We (the fans) tend to think that the player drafted at #19 must clearly be better than the player drafted at #20; and #20 is clearly better than #21, etc... But that is never fully the case.
So if you have buckets of players (players with similar talent) and try to get multiple players from that bucket, you get two options to get good players instead of one good option and one weaker option (from a lower tier bucket).
Intuitively, it would seem like your 1st round pick (taking someone lower on the consensus board) would result in more busts. But the Brewers seem to manage great 1st round picks despite doing this (remember how bad the Brewers used to draft when in the top 10 yearly??). It's like they are playing 3D chess!
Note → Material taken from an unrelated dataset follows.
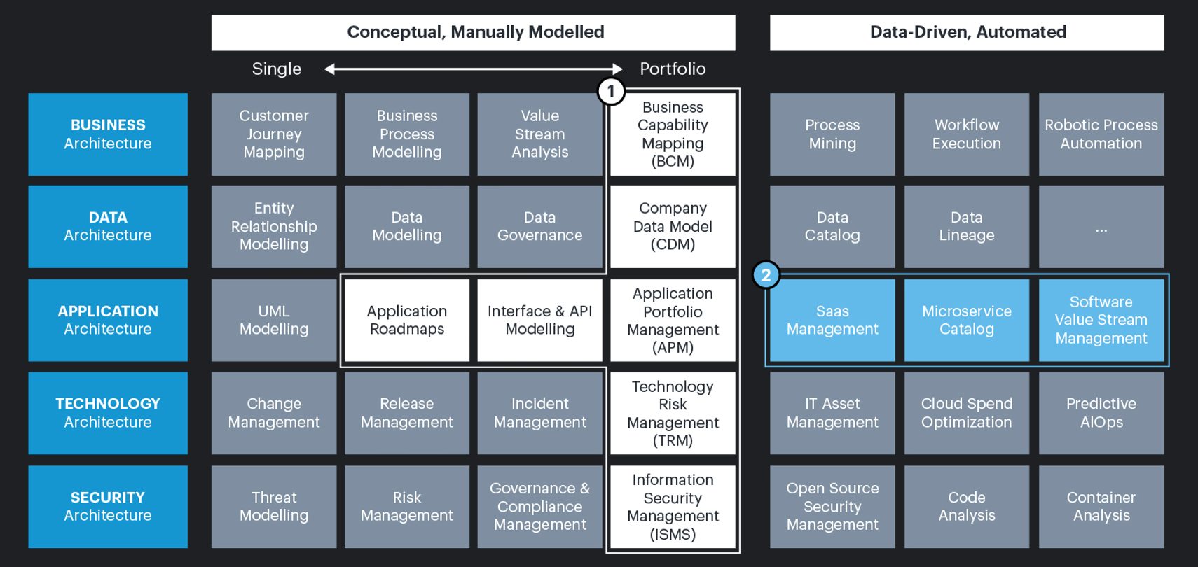Not all areas are equally mature from an EAM application capability perspective at present, but all are relevant dimensions of a digital twin of the enterprise.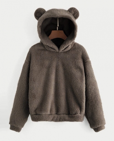 Fluffy Hoodies Women Kawaii Sweatshirt Cute Bear Ear Cap Hooded

First round picks signed as underslot:
Andrew Fischer (signed 5 picks at round 11+)
Braylon Payne (signed 5 picks at round 12+ including Tyson Hardin)
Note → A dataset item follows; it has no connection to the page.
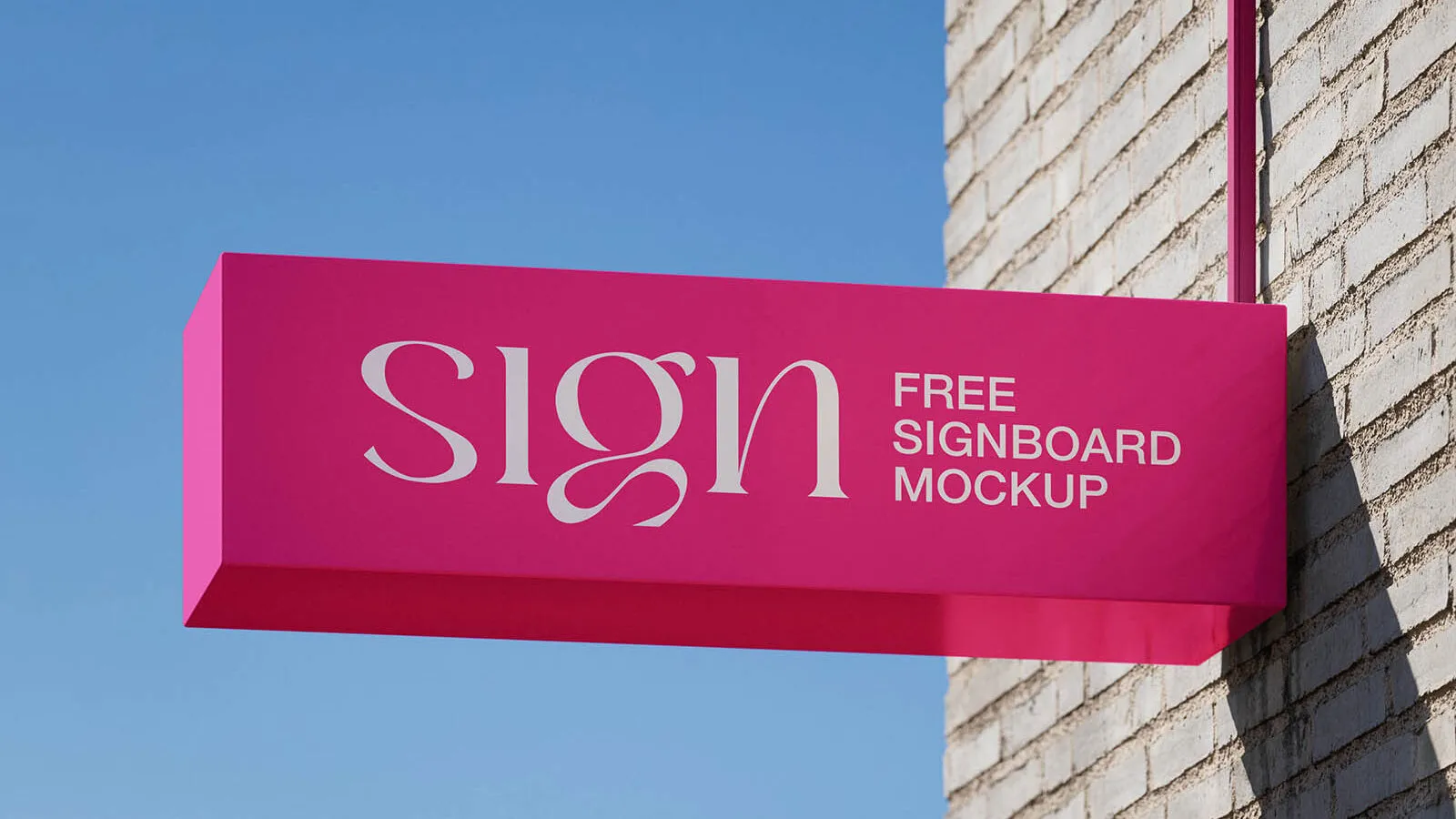 Electrify your storefront branding with this vibrant . This eye-catching PSD file showcases a dynamic, pink sign against a brick wall, creating a striking contrast that commands attention. Easily apply your custom text or logo through smart object layers to achieve a seamless, painted look with authentic texture and brilliant color saturation.

Brock Wilken (allowing us to sign Cooper Pratt)
Eric Brown (allowing us to sign Jacob Misiorowski)
Sal Frelick (actually overslot signing).
Eric looks like a bust. Brock will get a cup of coffee at the MLB level at least due to his power, but I'd say low probability to stick. Sal made it. Payne and Andrew are tearing it up and look every bit like good MLB players.
Plus you snag pseudo first round picks in Pratt and Miz. Hardin looks like another great find.
Yet, it seemed like there is always plenty of complaints (at least Braylon, Brock, and Eric) about the first round pick despite a pretty high hit rate.